* **WHAT NEEDS TO BE DONE**
Take the records below and set down exactly the lines from the one with "baby laughs in tub at cake smash photoshoot" to the one with "WE USED HEAVY", ends included; do not copy the pictures.

* **SOURCE MATERIAL**
-- Opening Marker --

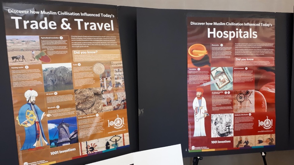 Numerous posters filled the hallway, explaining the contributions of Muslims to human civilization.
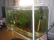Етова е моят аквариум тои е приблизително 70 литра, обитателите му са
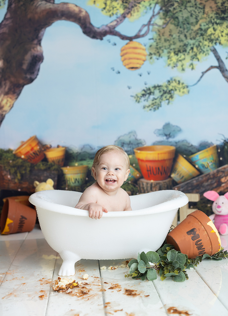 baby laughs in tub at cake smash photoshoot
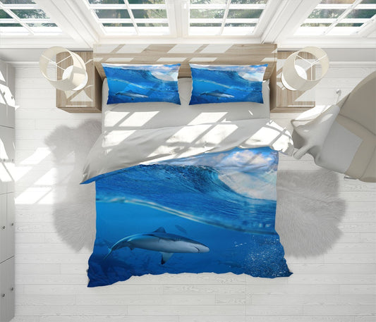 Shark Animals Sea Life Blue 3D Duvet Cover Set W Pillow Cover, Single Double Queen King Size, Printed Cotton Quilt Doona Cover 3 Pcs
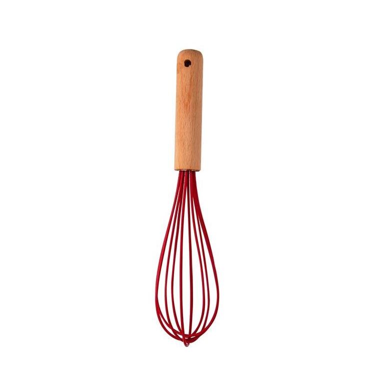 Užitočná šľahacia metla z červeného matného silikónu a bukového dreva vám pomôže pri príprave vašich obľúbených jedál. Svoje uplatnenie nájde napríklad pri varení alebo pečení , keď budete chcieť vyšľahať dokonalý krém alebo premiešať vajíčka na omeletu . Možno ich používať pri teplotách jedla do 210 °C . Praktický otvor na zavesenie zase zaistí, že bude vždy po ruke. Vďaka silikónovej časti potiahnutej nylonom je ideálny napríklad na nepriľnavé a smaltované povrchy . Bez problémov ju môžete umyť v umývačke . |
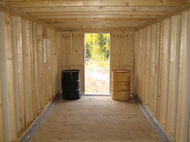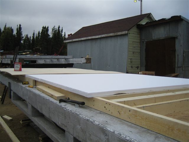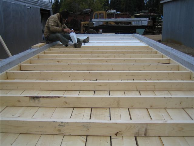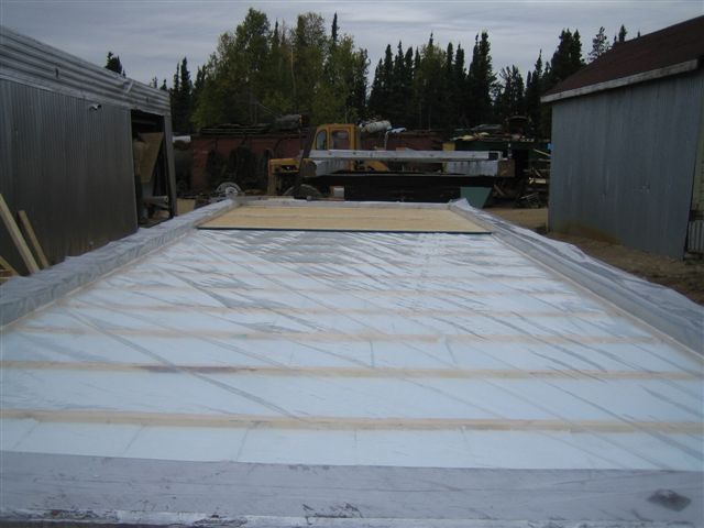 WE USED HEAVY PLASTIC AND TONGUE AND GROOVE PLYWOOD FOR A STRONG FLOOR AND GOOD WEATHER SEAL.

-- Closing Marker --
-- Opening Marker --

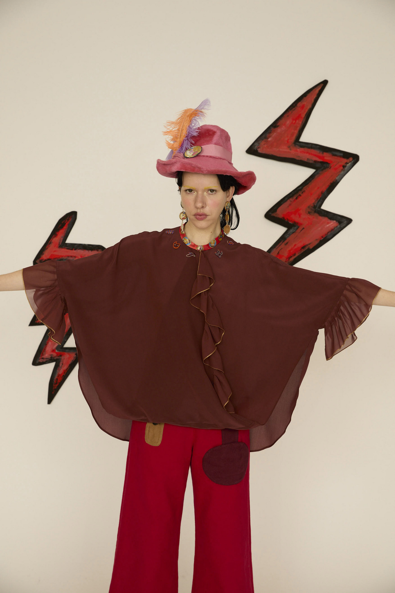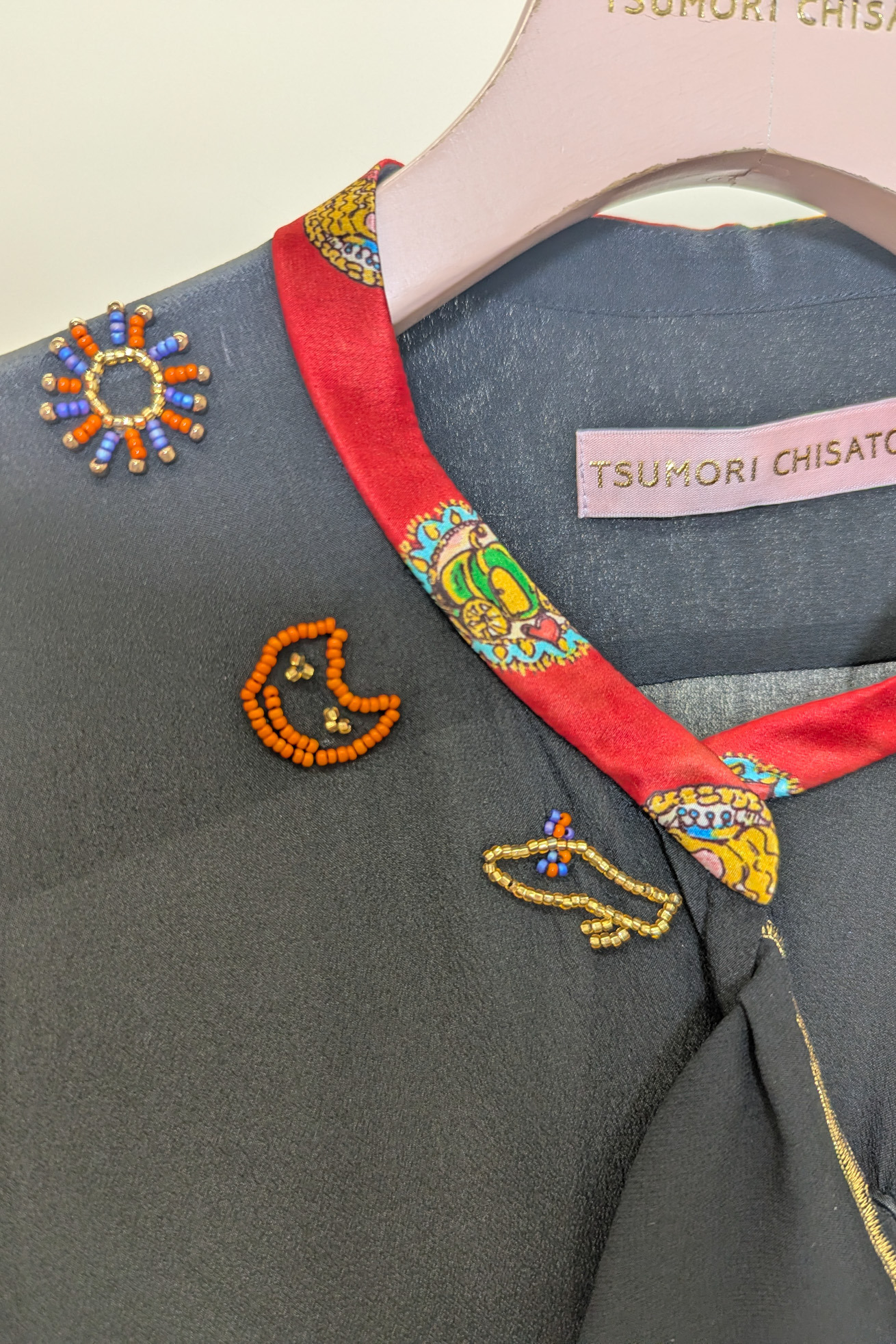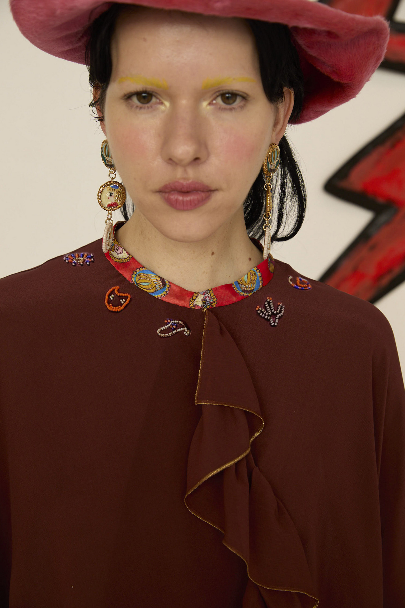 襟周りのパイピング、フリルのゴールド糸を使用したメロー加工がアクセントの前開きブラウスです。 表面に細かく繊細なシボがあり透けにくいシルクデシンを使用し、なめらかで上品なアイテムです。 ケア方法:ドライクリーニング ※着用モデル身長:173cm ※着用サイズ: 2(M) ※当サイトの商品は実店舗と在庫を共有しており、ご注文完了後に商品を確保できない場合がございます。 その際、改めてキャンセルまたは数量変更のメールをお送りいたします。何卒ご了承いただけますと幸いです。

-- Closing Marker --

* **YOUR SOLUTION**
 baby laughs in tub at cake smash photoshoot
 Shark Animals Sea Life Blue 3D Duvet Cover Set W Pillow Cover, Single Double Queen King Size, Printed Cotton Quilt Doona Cover 3 Pcs
 Užitočná šľahacia metla z červeného matného silikónu a bukového dreva vám pomôže pri príprave vašich obľúbených jedál. Svoje uplatnenie nájde napríklad pri varení alebo pečení , keď budete chcieť vyšľahať dokonalý krém alebo premiešať vajíčka na omeletu . Možno ich používať pri teplotách jedla do 210 °C . Praktický otvor na zavesenie zase zaistí, že bude vždy po ruke. Vďaka silikónovej časti potiahnutej nylonom je ideálny napríklad na nepriľnavé a smaltované povrchy . Bez problémov ju môžete umyť v umývačke . |
 WE USED HEAVY PLASTIC AND TONGUE AND GROOVE PLYWOOD FOR A STRONG FLOOR AND GOOD WEATHER SEAL.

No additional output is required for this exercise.